Viktoria Kulikova, Head of the Committees Department at the European Business Association, also mentions the technical nuances during the process of establishing the system.
“We expect the Register to become a truly effective tool for transparent communication. At the same time, it is important to improve the legislation: clarify the definitions of concepts, simplify reporting, and provide practical incentives to registered participants. Only then will the system work effectively and promote accountability on all sides. In particular, the current reporting format is quite technically complex for large business associations that have many lobbying issues (regulatory acts to which the Association submits proposals), hundreds of lobbying beneficiaries (member companies) and a great deal of communication with lobbying targets (representatives of state bodies), information about which we will need to enter into the transparency register,” comments Victoria.
A similar opinion is held by the Union of Ukrainian Entrepreneurs, whose team participated in testing the Register before its launch and shared recommendations for improving interaction.

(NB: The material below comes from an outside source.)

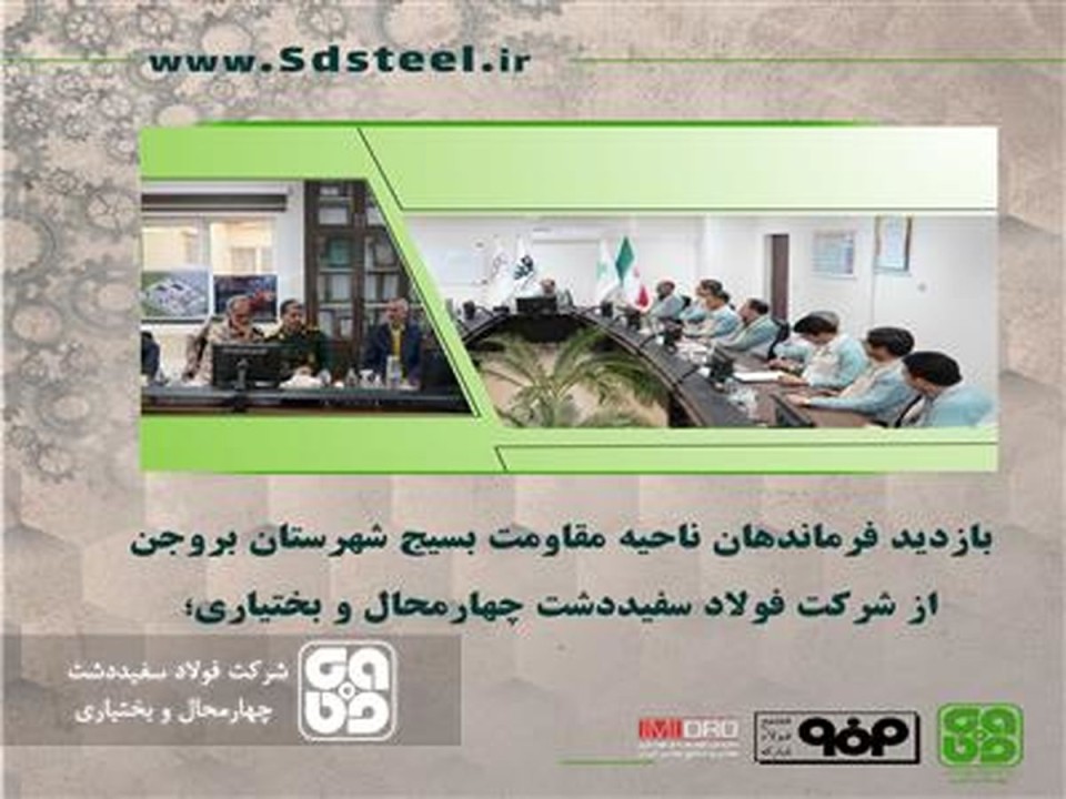 فرمانده ناحیه مقاومت بسیج شهرستان بروجن ضمن ابراز خرسندی از حضور در شرکت فولادسفیددشت، این  شرکت را یکی از پویاترین و سرزنده ترین صنایع استان برشمرد و اظهار داشت، علی رغم کارشکنی ها و تحریم های ظالمانه دشمنان قسم خورده نظام، شرکت فولاد سفیددشت با تلاش وهمت مدیران و کارکنان جهت تحقق منویات مقام معظم رهبری(مدظله العالی) و جهش تولید گام های بزرگی داشته است.

“For the system to work properly, it is important that there is two-way transparency: not only should businesses register and report, but MPs and government officials should also act transparently, honestly and comply with the law. And for the Register to work effectively, improvements to the legislation are needed, in particular clarification of terms, optimisation of reporting requirements and the establishment of additional incentives for registered lobbyists.”

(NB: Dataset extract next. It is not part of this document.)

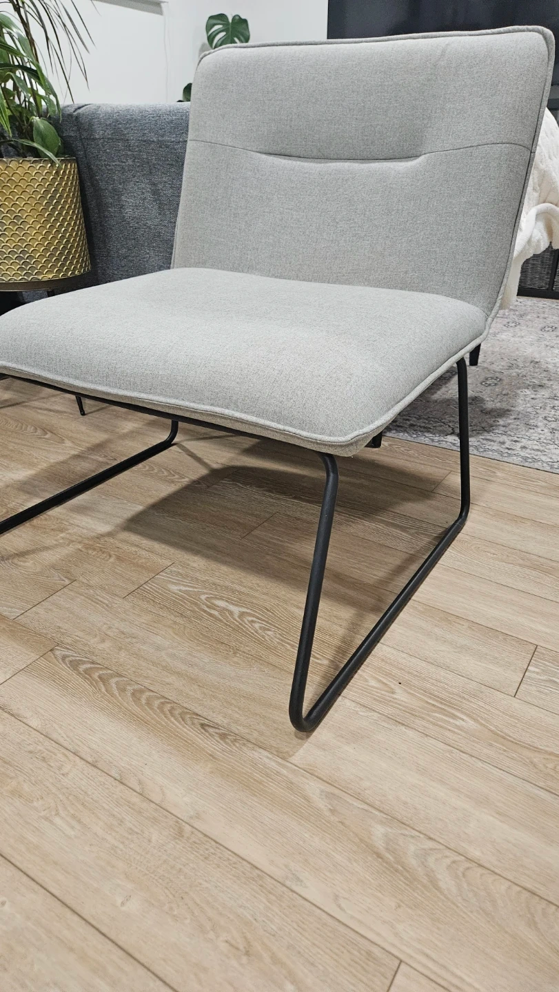 This accent chair features a comfortable upholstered seat and back in a light grey fabric. It's supported by sleek black metal legs for a modern look. This chair is a nice addition to any living room or bedroom space.

The SUP notes that the main stage of interaction between newly created lobbyists and the state will begin in January 2026, when the first lobbying report will be submitted. It will be then that it will be possible to fully assess the work of the Register — its workload, functionality and ease of use.
OpenDataBot will track updates to the Lobbyist Register. Now, when checking companies or individuals in OpenDataBot services, users will see a mark indicating registration in the Register. This is another step towards transparency in the business environment and accountability of those who influence political decisions.